14 April 2020

MIT Tries Hacking Your Dreams

A team of researchers at MIT’s Dream Lab, which launched in 2017, are working on an open source wearable device that can track and interact with dreams in a number of ways — including, hopefully, giving you new control over the content of your dreams. The team’s radical goal is to prove once and for all that dreams aren’t just meaningless gibberish — but can be hacked, augmented, and swayed to our benefit. A glove-like device called Dormio, developed by the Dream Lab team, is outfitted with a host of sensors that can detect which sleeping state the wearer is in. When the wearer slips into a state between conscious and subconscious, hypnagogia, the glove plays a pre-recorded audio cue, most of the times consisting of a single word. Hypnagogic imagery or hallucinations is a normal state of consciousness in the transition from wakefulness to sleep. Hypnagogia may be different for different people. Some say they’ve woken up from hypnagogia, reporting they experienced strong visual and auditory hallucinations. Others are capable of interacting with somebody in the state. But the Dream Lab might be on to something with its Dormio glove. 

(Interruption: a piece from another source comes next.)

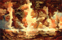 Pejzaże są w większości bezludne, jakby człowiek nie zasługiwał na to, aby mierzyć się z nieujarzmioną mocą natury. Ludzka obecność manifestuje się tylko w śladach zakłóconego majestatu przyrody. Wydeptane dawno ścieżki wiodą do pogruchotanych mostów. Relikty architektury, dumne, mitologizowane niegdyś pomniki potęgi człowieka: piramidy, obeliski i wieże pomieszanych języków brzmią głuchym rezonansem w zaczarowanej przestrzeni. Ślady przykrej porażki w "walce natury z kulturą", natury, która swoimi korzeniami wdziera się w substancję cywilizacji i rozsadza ją mocą swej energii. Artysta nie odwołuje się do tematów literackich, nie skupia się na anegdocie. Stara się oddać wewnętrzną istotę przedmiotów, ducha rzeczy i ducha otaczającej je atmosfery. Tworzy symboliczny, uniwersalny portret przyrody, a przy tym skupia się na wyrażeniu czystych pojęć abstrakcyjnych takich jak: podziw, niepokój, groza czy moc. Świat, mimo że fantastyczny, wykreowany, ma walor trwałości i w pewien sposób staje się uniwersalnym modelem świata żywiołów w ogóle - rodzajem swoistego "pejzażu bohaterskiego", który jednak nie towarzyszy, jak to bywało w historii malarstwa, dokonaniom człowieka, a stanowi pean dla upersonifikowanej natury i jej mocy kreacyjnych.

In a 50-person experiment, the speaking glove was able to insert a tiger into people’s sleep by having the glove say a prerecorded message that simply said tiger. The device is meant to democratize the science of tracking sleep. Step-by-step instructions were posted online with biosignal tracking software available on Github, allowing everybody to theoretically make their own Dormio glove. A similar device built by Dream Lab researcher relies on smell rather than an audio cue. A preset scent is released by a device when the user reaches the N3 stage of sleep, a regenerative period when the body heals itself and consolidates memory. The idea is to strengthen this consolidation using scents. They hope to let sleepers take full control of their dreams as well. The problem, however, is that the science behind lucid dreaming is still murky. Only an estimated one percent of people are capable of entering this state regularly, making it difficult to study. The brain state during lucid dreaming is also not understood very well yet. But other researchers are convinced there’s plenty to gain from learning from our subconscious — rather than commanding it with prerecorded messages or scents.